Why has OpenAI dominated the prinzbench leaderboard, and where will Fable land?
prinzbench has two sub-scores: a pure legal-research component and a needle-in-a-haystack search component. OpenAI's models have excelled at both. Anthropic's models historically scored near zero on the search sub-score (out of 24), and prinz attributes part of the gap to Anthropic sandbagging on maximum reasoning effort — a constraint that Opus 4.8 finally broke, jumping from roughly 25 to 42 overall. Fable is already not a zero on search, is clearly the best legal reasoner outside OpenAI, and is competitive with at least GPT-5.4 — but may still suffer from the same search weaknesses as previous Anthropic models. prinz cautiously places Fable near the top of the leaderboard, probably not above GPT-5.5 xHigh, with the full run still in progress.
What stood out to you in the Anthropic release documents for Fable 5 and Mythos 5 that the broader discourse may have missed?

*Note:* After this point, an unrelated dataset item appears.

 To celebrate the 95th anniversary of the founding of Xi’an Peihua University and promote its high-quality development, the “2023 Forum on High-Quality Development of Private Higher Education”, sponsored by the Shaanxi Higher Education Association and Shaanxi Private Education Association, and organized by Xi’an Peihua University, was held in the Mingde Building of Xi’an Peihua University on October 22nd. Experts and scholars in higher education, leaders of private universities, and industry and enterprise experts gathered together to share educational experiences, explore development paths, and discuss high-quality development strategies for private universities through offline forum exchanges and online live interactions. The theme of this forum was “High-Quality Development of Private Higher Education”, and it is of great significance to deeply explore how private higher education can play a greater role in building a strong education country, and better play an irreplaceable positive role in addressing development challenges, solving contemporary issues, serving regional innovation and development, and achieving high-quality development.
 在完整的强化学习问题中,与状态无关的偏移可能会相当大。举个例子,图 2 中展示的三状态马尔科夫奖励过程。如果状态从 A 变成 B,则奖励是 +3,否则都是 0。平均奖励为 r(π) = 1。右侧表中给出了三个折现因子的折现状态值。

prinz highlights that Anthropic's system card explicitly states the acceleration from Mythos is 'concentrated in engineering execution rather than research judgment.' The blog post's examples of 'novel' scientific results — such as training a model 100 times smaller to outperform a 500-million-parameter model published in Science before April 2025 — are impressive but do not represent the kind of genuinely novel research capability that would signal proximity to RSI. For prinz, the moment these models begin producing truly novel scientific insights — not just engineering acceleration — is the moment RSI is genuinely close. The leaked OpenAI memo about potentially delaying an IPO if RSI happens also caught his attention as an indirect signal about labs' own internal timelines.
What does a super-empowered lawyer using AI look like — analogous to the super-empowered engineer running hundreds of agents?

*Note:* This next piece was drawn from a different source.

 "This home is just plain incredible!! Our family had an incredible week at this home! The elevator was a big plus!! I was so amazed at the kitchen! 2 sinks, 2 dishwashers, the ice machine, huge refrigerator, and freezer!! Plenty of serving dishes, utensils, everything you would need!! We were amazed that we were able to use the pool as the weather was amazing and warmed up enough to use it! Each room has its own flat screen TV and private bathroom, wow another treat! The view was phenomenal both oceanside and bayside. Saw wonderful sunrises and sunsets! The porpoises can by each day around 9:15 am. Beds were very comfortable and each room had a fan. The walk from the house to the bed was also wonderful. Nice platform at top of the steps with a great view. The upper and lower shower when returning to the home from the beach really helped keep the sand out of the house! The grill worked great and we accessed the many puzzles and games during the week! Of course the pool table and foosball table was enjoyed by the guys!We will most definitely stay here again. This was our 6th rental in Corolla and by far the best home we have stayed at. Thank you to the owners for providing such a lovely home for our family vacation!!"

prinz envisions agents embedded in Outlook monitoring email in real time, autonomously redlining contract changes sent at midnight, saving the updated document, and alerting the lawyer for a one-click approval before sending to the client. Further out, AI should connect to entire data rooms autonomously, review every document, draft the diligence memo, and surface the five red flags — compressing hundreds of hours of associate work into an overnight run. He speculates that as deal costs collapse, a lawyer might handle 20 simultaneous deals instead of one. He also flags a broader question: whether the legal system itself changes, from AI-empowered judges to automated courts handling micro-lawsuits in minutes.
How worried should we be about the trend toward illegible chain-of-thought reasoning in models like Fable, and what does it mean for monitoring and alignment?

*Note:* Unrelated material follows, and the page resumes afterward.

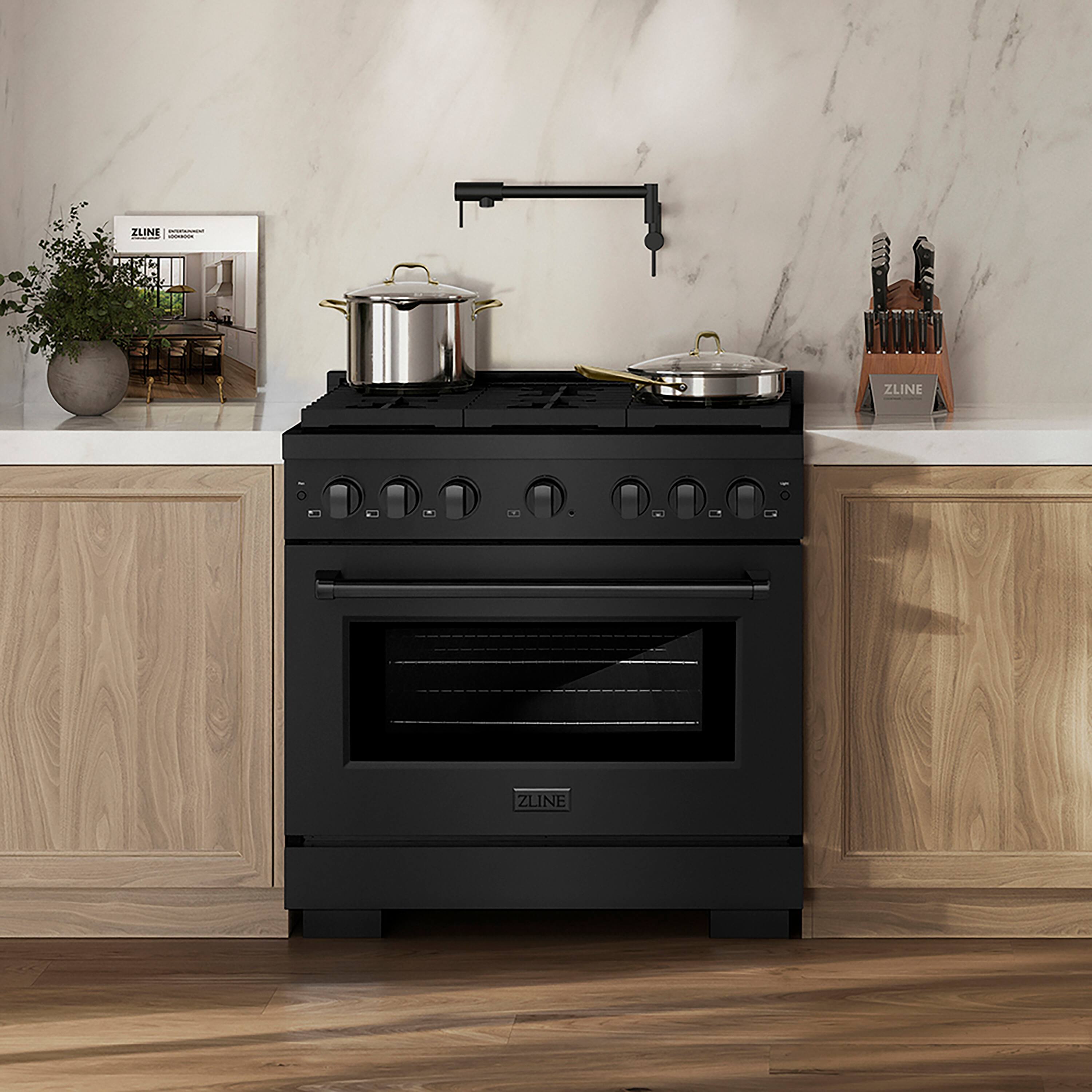 ZLINE - 36 in. Black Stainless Paramount Dual Fuel Range with 6 DuoPro Burners and Convection Oven (PSDRB-36) - Black Stainless Steel

prinz notes this is not new — we've seen artifact-filled chains of thought in OpenAI's models too. His core concern is that chain-of-thought may not reliably reflect what the model is actually doing, which is why Anthropic invests heavily in mechanistic interpretability. More importantly, a superintelligence that knows it is being monitored may calibrate its visible reasoning to avoid alarming overseers — a lawyer's intuition that the same facts can always be framed to serve different impressions. He concludes that monitoring chain-of-thought alone is not a sufficient alignment strategy, and that monitoring superintelligence generally is probably not a perfect tool — but that we should continue paying attention and act if we see something bad.
Do you maintain a p(doom) number, and what is your overall assessment of AI risk for someone looking to you for a cue?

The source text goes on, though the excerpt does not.